Nel secondo capitolo l'autore, con un'analessi, ci conduce nel passato della vita di Ivan Il'ic.
Ma, a questo punto, il lettore sa già che Ivan Il'ic morirà, e come morirà, in quali circostanze, ma lo segue ora quando è vivo, nel pieno della sua fortuna. Ogni azione di Ivan Il’ic qui pare dettata da arroganza e presunzione, da questo momento il lettore non è spinto a provare per lui simpatia né pietà, se non la pietà che accompagna chi si conosce già sia destinato a prematura morte. Tutto va bene nella vita di Ivan Il'ic fino a quel piccolo e quasi comico scivolone. La metonimia che sconvolgerà il narrato.

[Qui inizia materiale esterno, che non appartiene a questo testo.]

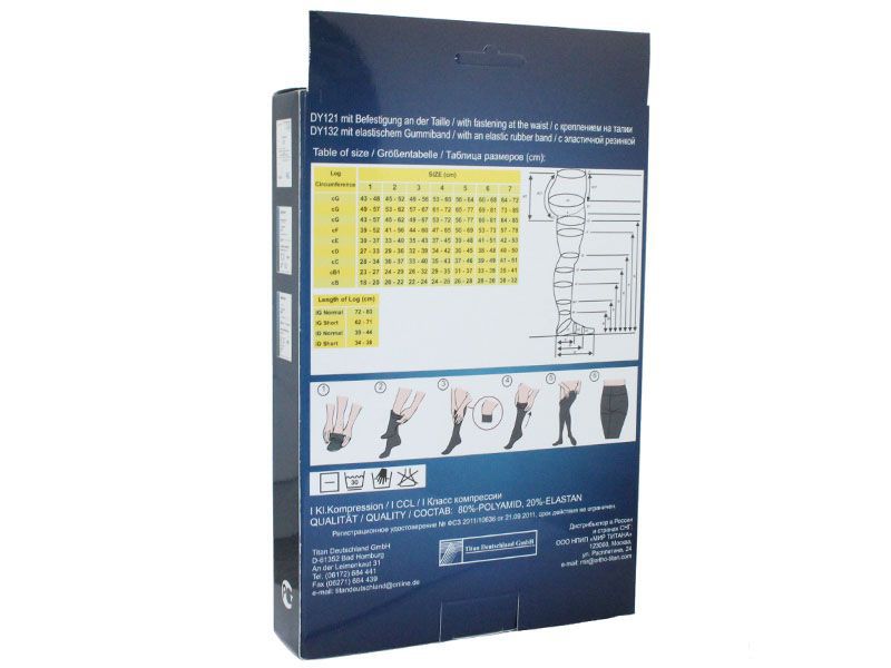 Чулки компрессионные антиэмболические Titan/Мир Титана Dynamik 1 класс DY132 белые

Con il passare delle pagine l’autore fa vivere a Ivan Il’ic una vita che nasconde a lui la morte.
Però, chi non avesse letto il primo capitolo, se il racconto fosse stato montato secondo la logica del Tempo della Storia, non distinguerebbe l’essere di Ivan dal suo apparire, e sarebbe indotto a non nutrire alcuna compassione per la sua vicenda. Il sapere della sua morte e della sua “conversione” ci mostra anche il passato con una luce diversa.
L’inizio del quarto capitolo inizia con: “Erano tutti in buona salute”, ma presto Ivan Il’ic sarà trasportato in un mondo affatto nuovo: il mondo della malattia. E solo quando prenderà coscienza di questo nuovo stato capirà che dovrà morire. La narrazione prosegue fino a che le informazioni di Ivan Il’ic e del lettore coincidono, e in quel momento lo spostamento temporale iniziale esaurisce la sua funzione, il racconto prosegue con linearità diacronica annullando il potere divinatorio di chi legge e già sa.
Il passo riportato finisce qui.